# TRY IT:
Each line of the data must be written out again verbatim; no image belongs in the copy.

# SUPPLIED RECORDS:

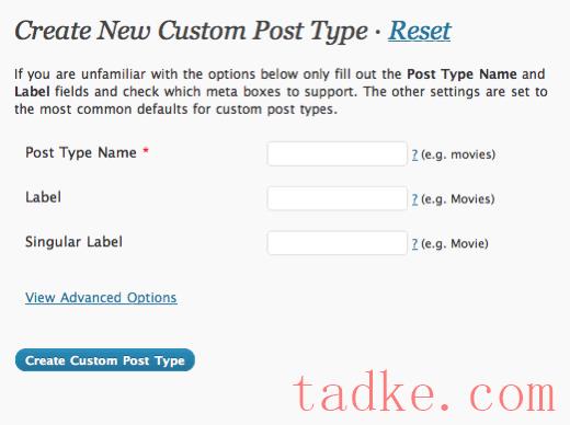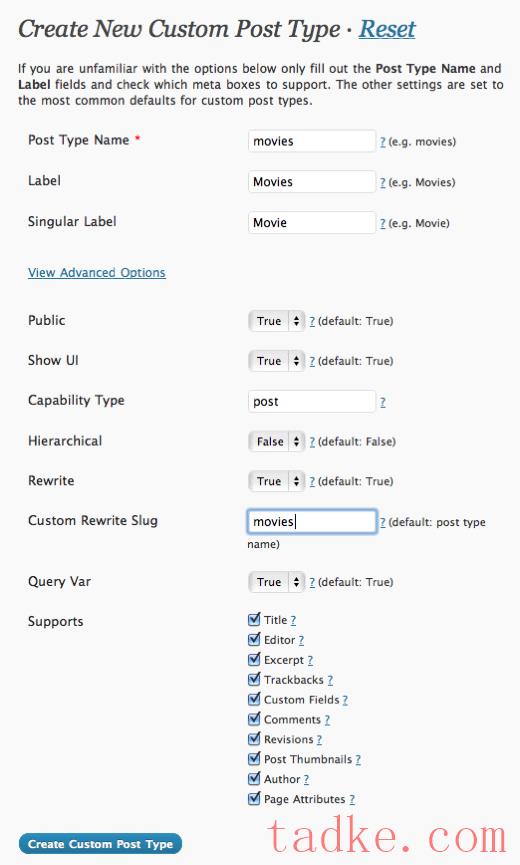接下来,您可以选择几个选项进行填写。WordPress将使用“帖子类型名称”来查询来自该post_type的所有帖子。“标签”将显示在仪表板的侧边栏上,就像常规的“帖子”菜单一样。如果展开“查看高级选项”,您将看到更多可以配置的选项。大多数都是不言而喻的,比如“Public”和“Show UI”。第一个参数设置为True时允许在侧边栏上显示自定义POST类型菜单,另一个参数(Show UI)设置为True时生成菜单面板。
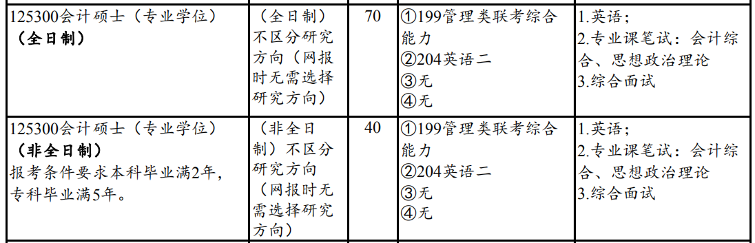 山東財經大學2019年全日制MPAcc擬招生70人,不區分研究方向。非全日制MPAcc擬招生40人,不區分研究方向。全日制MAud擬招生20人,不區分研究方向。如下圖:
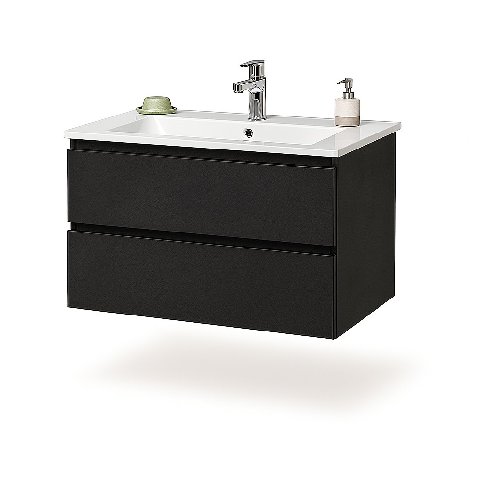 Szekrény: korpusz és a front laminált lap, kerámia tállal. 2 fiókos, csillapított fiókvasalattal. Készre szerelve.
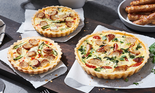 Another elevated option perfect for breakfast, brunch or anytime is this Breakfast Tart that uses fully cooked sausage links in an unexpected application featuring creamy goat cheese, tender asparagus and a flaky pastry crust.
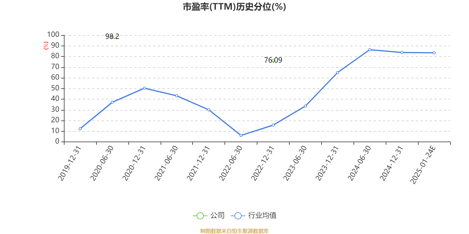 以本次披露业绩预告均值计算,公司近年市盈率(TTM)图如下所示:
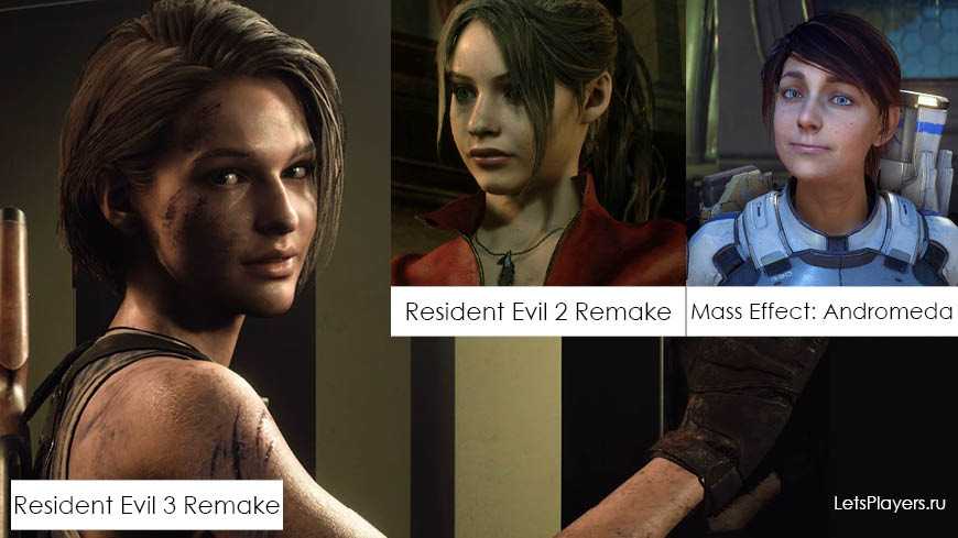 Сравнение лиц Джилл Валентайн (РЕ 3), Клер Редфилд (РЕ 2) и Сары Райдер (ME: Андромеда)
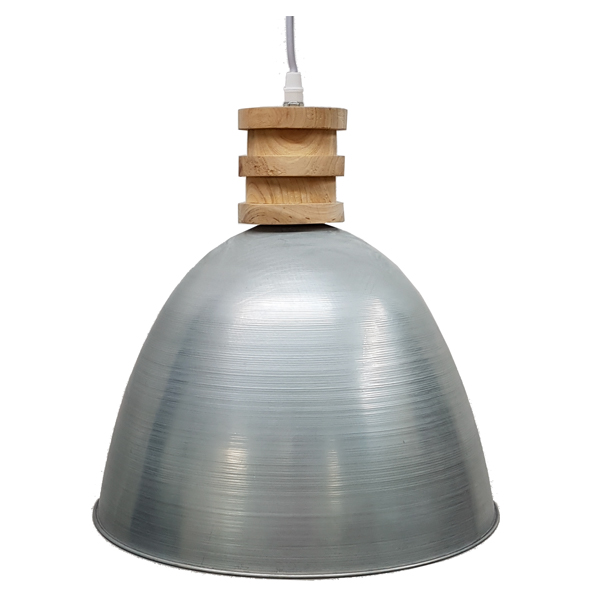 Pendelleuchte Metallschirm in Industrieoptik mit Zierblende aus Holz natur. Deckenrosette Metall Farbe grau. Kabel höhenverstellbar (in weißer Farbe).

# OUTPUT OF THE TASK:
接下来,您可以选择几个选项进行填写。WordPress将使用“帖子类型名称”来查询来自该post_type的所有帖子。“标签”将显示在仪表板的侧边栏上,就像常规的“帖子”菜单一样。如果展开“查看高级选项”,您将看到更多可以配置的选项。大多数都是不言而喻的,比如“Public”和“Show UI”。第一个参数设置为True时允许在侧边栏上显示自定义POST类型菜单,另一个参数(Show UI)设置为True时生成菜单面板。
 山東財經大學2019年全日制MPAcc擬招生70人,不區分研究方向。非全日制MPAcc擬招生40人,不區分研究方向。全日制MAud擬招生20人,不區分研究方向。如下圖:
 Szekrény: korpusz és a front laminált lap, kerámia tállal. 2 fiókos, csillapított fiókvasalattal. Készre szerelve.
 Another elevated option perfect for breakfast, brunch or anytime is this Breakfast Tart that uses fully cooked sausage links in an unexpected application featuring creamy goat cheese, tender asparagus and a flaky pastry crust.
 以本次披露业绩预告均值计算,公司近年市盈率(TTM)图如下所示:
 Сравнение лиц Джилл Валентайн (РЕ 3), Клер Редфилд (РЕ 2) и Сары Райдер (ME: Андромеда)
 Pendelleuchte Metallschirm in Industrieoptik mit Zierblende aus Holz natur. Deckenrosette Metall Farbe grau. Kabel höhenverstellbar (in weißer Farbe).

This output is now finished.